● **What the task asks**
Only the text should come through, so restate the listing exactly and drop its images.

● **Dataset excerpt**
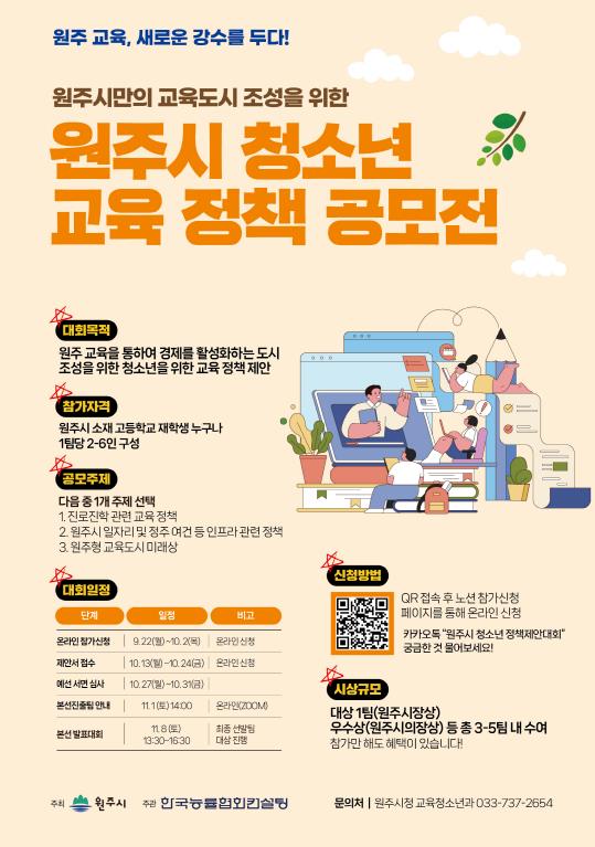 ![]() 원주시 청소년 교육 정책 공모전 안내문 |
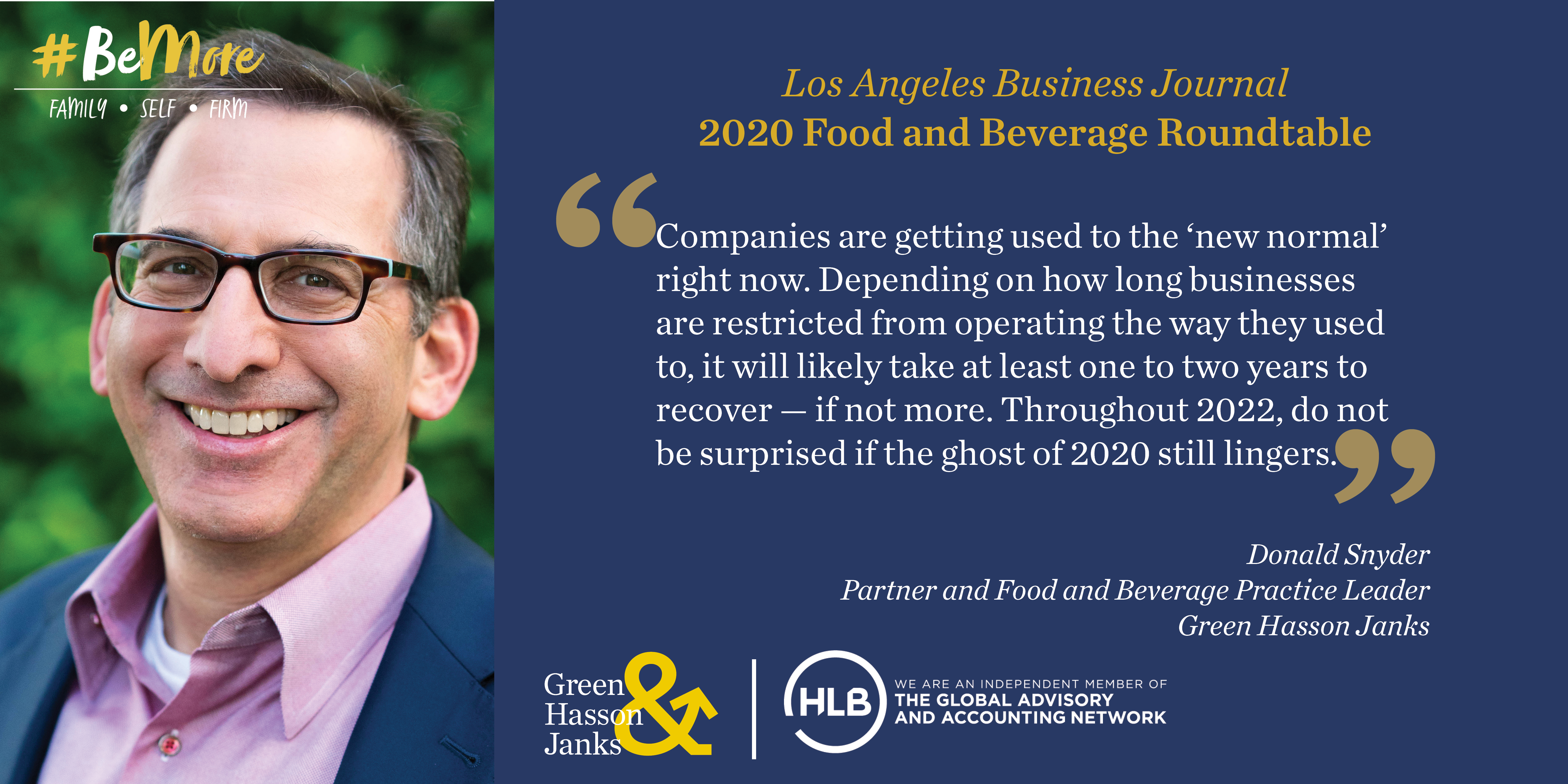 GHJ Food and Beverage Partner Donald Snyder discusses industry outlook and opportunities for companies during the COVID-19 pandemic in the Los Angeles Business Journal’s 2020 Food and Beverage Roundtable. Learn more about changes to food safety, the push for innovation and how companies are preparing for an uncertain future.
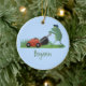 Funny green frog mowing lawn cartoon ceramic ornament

● **Answer space**
 ![]() 원주시 청소년 교육 정책 공모전 안내문 |
 GHJ Food and Beverage Partner Donald Snyder discusses industry outlook and opportunities for companies during the COVID-19 pandemic in the Los Angeles Business Journal’s 2020 Food and Beverage Roundtable. Learn more about changes to food safety, the push for innovation and how companies are preparing for an uncertain future.
 Funny green frog mowing lawn cartoon ceramic ornament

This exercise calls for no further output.